In interpreting our results, it was important to consider the strengths and limitations of the analytical techniques employed. FCM enables high‐throughput, multiparametric profiling of SAOS-2 cells, distinguishing live (Hoechst⁺/DiIC1⁺), early apoptotic (Annexin V-FITC⁺/PI⁻), and necrotic (PI⁺) populations, using stringent gating to exclude debris. However, the cell harvesting and staining procedures associated with this technique can introduce mechanical stress and occasional spectral overlap, which may compromise the absolute quantification of cell death phases. Therefore, we recommend that FCM remain the primary tool for quantitative cell fate analysis in biomaterial testing, with complementary assays such as caspase activity measurements or live-cell imaging used to validate mechanistic interpretations. In contrast, FM offered rapid live/dead discrimination with valuable spatial and morphological context but remained more subjective and was susceptible to autofluorescence artefacts.
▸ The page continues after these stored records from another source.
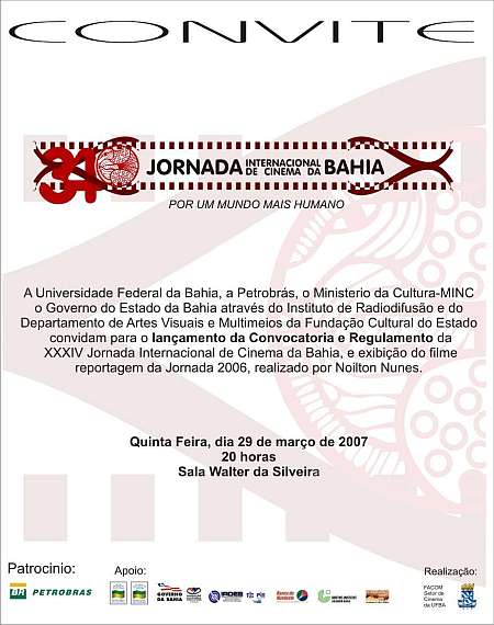 A 34ª edição da Jornada Internacional da Bahia, que tem como lema Por Um Mundo mais Humano, está programada para acontecer de 12 a 18 de setembro de 2007, no cenário acolhedor da capital baiana.
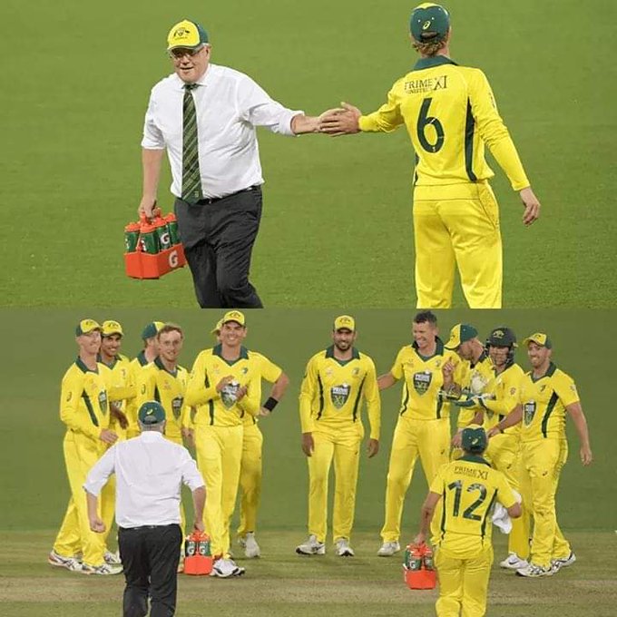 दरअसल श्रीलंका की टीम इन दिनों ऑस्ट्रेलियाई दौरे पर है। यहां मनुकार ओवल मैदान पर लंकाई टीम प्रैक्टिस मैच के तौर पर अपना एक मैच प्रधानमंत्री एकादश के खिलाफ खेल रही थी। इस टी-20 मुकाबले में प्रधानमंत्री स्कॉट मॉरिसन वाटरब्बॉय बने नजर आए। मॉरिसन को उनकी टीम के ही खिलाडि़यों समेत दर्शक दीर्घा में बैठे लोगों ने देखा तो सब हैरान रह गए। टीवी कैमरे और खेल प्रेंजेटर भी हैरान थे कि किसी देश के प्रधानमंत्री अपने ही खिलाडि़यों के लिए ड्रिंक्स मैदान पर लेकर दौड़ते-दौड़ते आ रहे हैं।
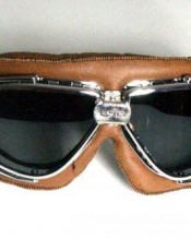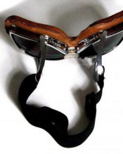 Motorcycle goggles brown, smoke-tinted lenses, chrome frame, REAL-LEATHER
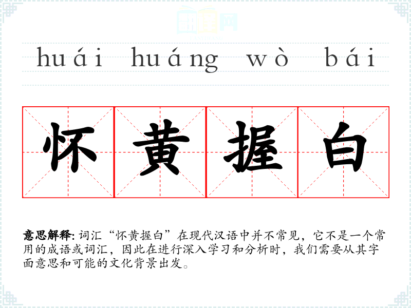 词汇“怀黄握白”在现代汉语中并不常见,它不是一个常用的成语或词汇,因此在进行深入学习和分析时,我们需要从其字面意思和可能的文化背景出发。
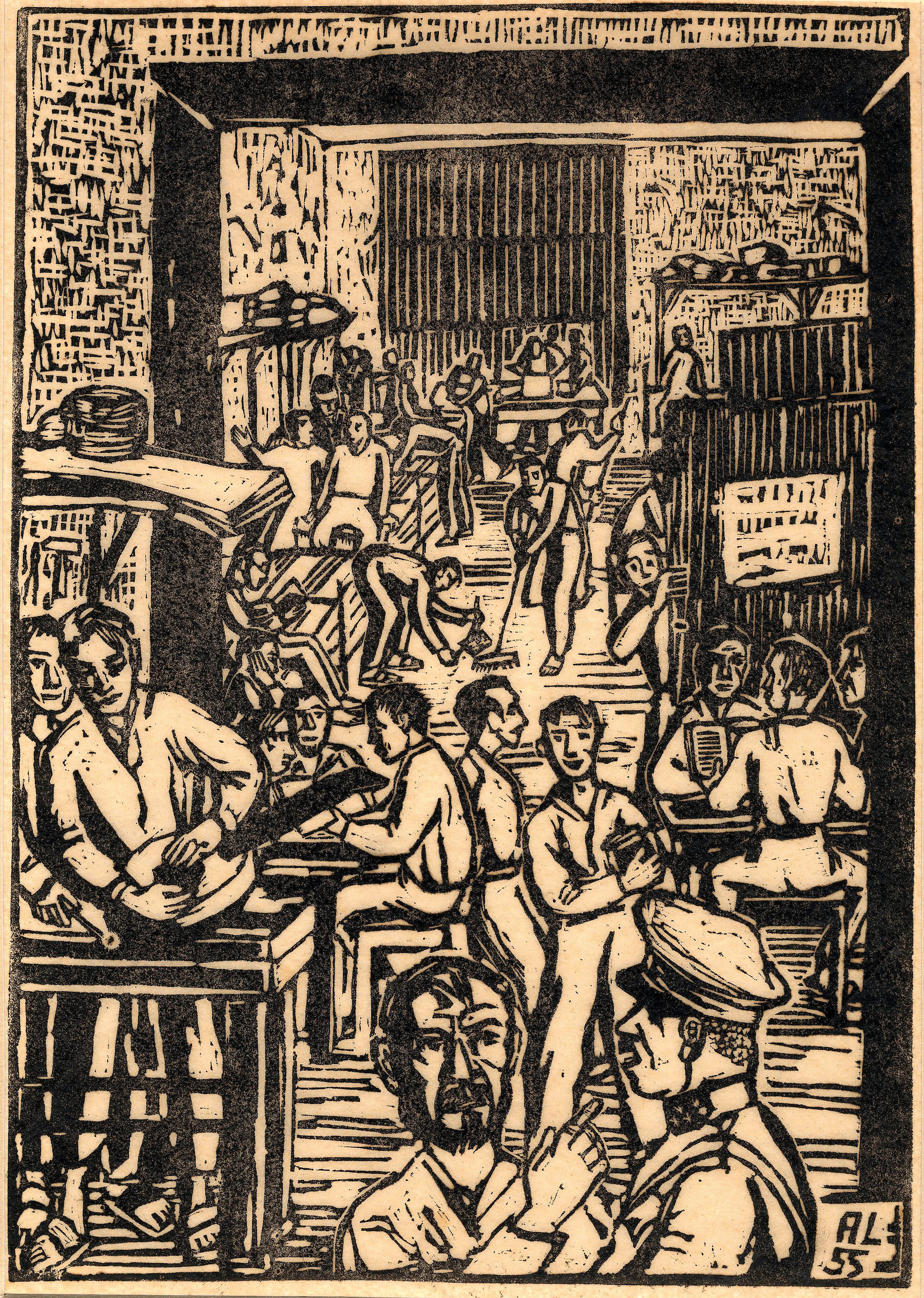 As cultural editor of the social democratic newspaper Arbeiterwille and as a member of the Republican Protection League, Axl Leskoschek was interned twice in the Wöllersdorf detention camp: after the February Uprising of 1934 and because of forbidden political activity in 1936. The second time, he was detained although he had serious health problems. Under pressure from the British Labour Party, Leskoschek, like other social-democrat detainees, was finally released. During his detention he worked on watercolours, allegorical works with hidden criticism of the regime of the “Corporative State” dictatorship. In 1955, Leskoschek created the “Series of Contemporary History” from memory, in which he reproduced events of the First Republic and the Corporative State dictatorship; among these the sheet “Kirschenrummel” (Cherry Rage).

However, there are important limitations. BG particles, while serving as a well‐characterized model of cytotoxic biomaterials, represent artificial surfaces whose in vitro behavior may differ from that of complex in vivo environments [40, 50]. FM’s utility was constrained by subjective interpretation and autofluorescence artifacts from BG particles, particularly when cell viability fell below 40%. Although FCM is multiparametric and depends on the ability to harvest sufficient intact cells, severe cytotoxicity reduces event counts and introduces variability. Moreover, mechanical stress during cell detachment and potential spectral overlap in fluorescence channels may affect the absolute quantification of death phases.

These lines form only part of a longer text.